A Hemeroteca Radis, que pode ser acessada digitalmente, abrange a cobertura sobre saúde dos principais jornais do país no período de 1982 a abril de 2013, incluindo também alguns recortes de 1980 e 1981 — há um projeto para que o acervo seja ampliado até o presente. O Programa Radis também reúne outras duas importantes fontes de consulta e pesquisa sobre saúde: um acervo iconográfico com imagens e fotografias da área da saúde desde 1982; e o arquivo histórico das quatro publicações editadas por Radis antes da criação da atual revista (Súmula, Dados, Tema e Proposta), que pode ser acessado em nosso site (leia mais no BOX).

“É difícil para as pessoas reconhecerem as conquistas e identificarem os retrocessos se não conhecem a sua própria história”, afirma Rogério Lannes, coordenador do Programa Radis. No acervo, é possível entender como foi a luta para extinguir o comércio privado de sangue e a criação dos bancos públicos, que garantiram acesso universal e controle de qualidade para o sangue coletado. Também se pode perceber como as estratégias de prevenção e tratamento do HIV/aids mudaram ao longo do tempo. “Se pegarmos o exemplo da aids, a grande virada nas campanhas e estratégias de comunicação aconteceu, a partir dos anos 1990, quando as pessoas vivendo com HIV/aids foram ouvidas, dentro do slogan ‘Nós por nós’”, completa.

Rogério lembra que o banco de notícias sobre saúde, mantido desde o início da década de 1980, foi fundamental para a produção de uma das publicações editadas por Radis, a revista Súmula, que trazia uma síntese da cobertura da imprensa sobre saúde, com análises críticas. “Um dos diferenciais do acervo da Hemeroteca Radis é que esse banco de notícias abarca o conceito amplo de saúde, incluindo todas as condições de vida e determinantes sociais, além de políticas públicas e econômicas que impactam no universo da saúde pública”, acrescenta. Esse material também foi muito utilizado por pesquisadores em um tempo em que não havia facilidade para acessar a internet. 

Mesmo atualmente, com a digitalização dos acervos dos jornais, a manutenção de uma hemeroteca pública é um diferencial, pois como ressalta Rogério, a consulta na maior parte dos jornais é feita em âmbito privado, com acesso pago. “Esse acervo tem uma importância grande para se pensar a saúde porque ali está, por exemplo, o histórico de como a iniciativa privada atuou o tempo todo em relação à saúde da população buscando interferir nas ações de Estado e na estruturação do sistema de saúde para que o seu lucro fosse garantido”, avalia.

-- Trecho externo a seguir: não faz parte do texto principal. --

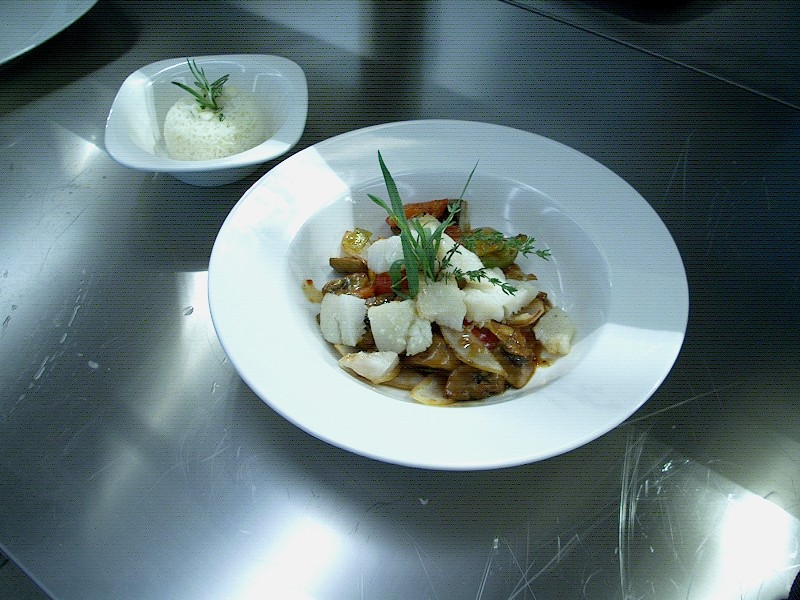 Suroviny: 4 filety halibuta bez kůže. Marináda: 6 stroužků česneku nahrubo nakrájeného, 1 lžíce nastrouhaného zázvoru, 1 lžička čerstvých lístků koriandru, 3 lžíce cukru, 3 lžíce sojové omáčky, 3 lžíce suchého cherry, 3 lžíce olivového oleje, 1 lžičku hrubé soli a 1 lžičku mletého černého pepře.
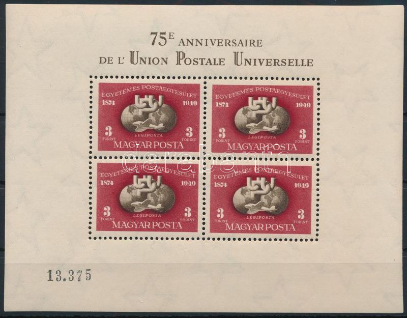 Leírás: 1950 UPU blokk 13.375 rendkívül magas sorszámmal, a középrész enyhe gépszínátnyomatával (180.000++)
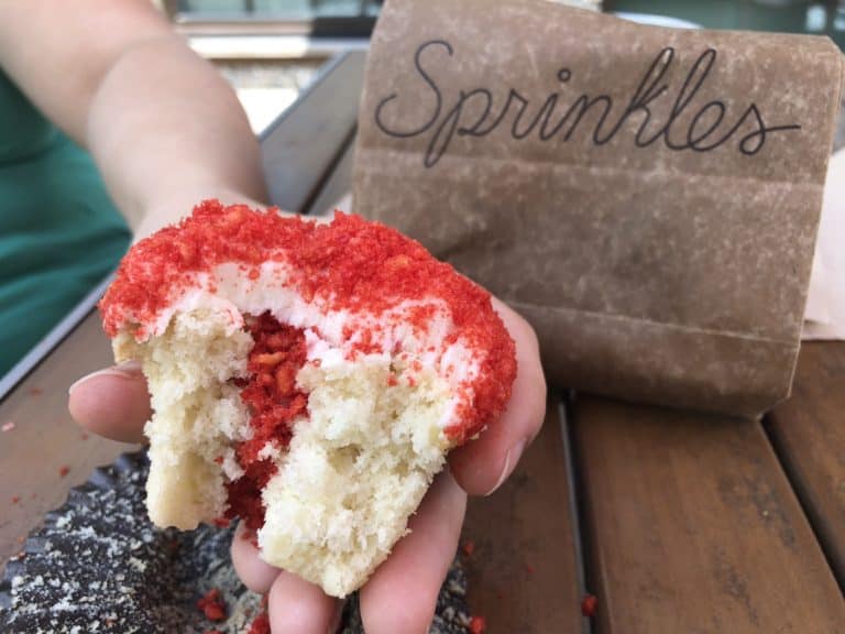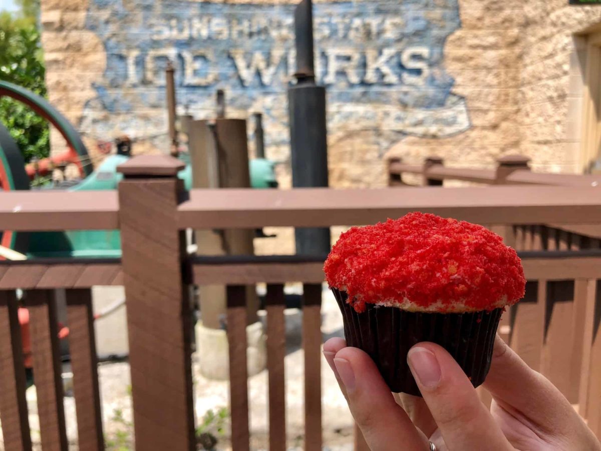 Sprinkles at Disney Springs is at it again with a new signature dessert – the Flaming Hot Cheetos cupcake. Made with vanilla cake, the more savory elements come in the form of a creamy white cheddar frosting with Cheeto dust on top and larger bits packed in the middle.

A consulta ao acervo de Radis também ajuda a entender o papel da comunicação nas lutas por todos os direitos e pela saúde — e garantir o acesso gratuito da população a este material é uma das propostas de Radis. “Essa compreensão é parte do compromisso da comunicação pública: que ela permita o conhecimento da história de um povo e dos processos sociais de disputa de poder que interferem na conquista, garantia e ampliação de direitos. A comunicação pública é um espaço para que essa percepção ocorra”, pontua Rogério.

Como acessar?

Você pode acessar o acervo digital com recortes de jornais sobre saúde na Hemeroteca Radishttps://bit.ly/3lJIeBj.

Antes da Radis

As revistas editadas pelo Programa Radis nem sempre foram no formato que você conhece. Antes da criação da revista atual, em 2002, o programa editou quatro publicações ao longo de 20 anos, desde a sua criação, em 1982. Eram as revistas Súmula, Dados, Tema e Proposta. Cada uma delas tinha um formato e um perfil. Toda a coletânea de publicações históricas do programa também pode ser acessada digitalmente no link: https://bit.ly/3yZH3FY.

Dados trazia informações sobre saúde e análises epidemiológicas.

Súmula fazia um acompanhamento crítico da cobertura da imprensa sobre saúde.

Tema era voltada para aprofundar e debater assuntos específicos, com o enfoque da saúde coletiva.

Proposta foi uma publicação editada no período da Assembleia Constituinte e tinha o objetivo de debater as propostas da Reforma Sanitária.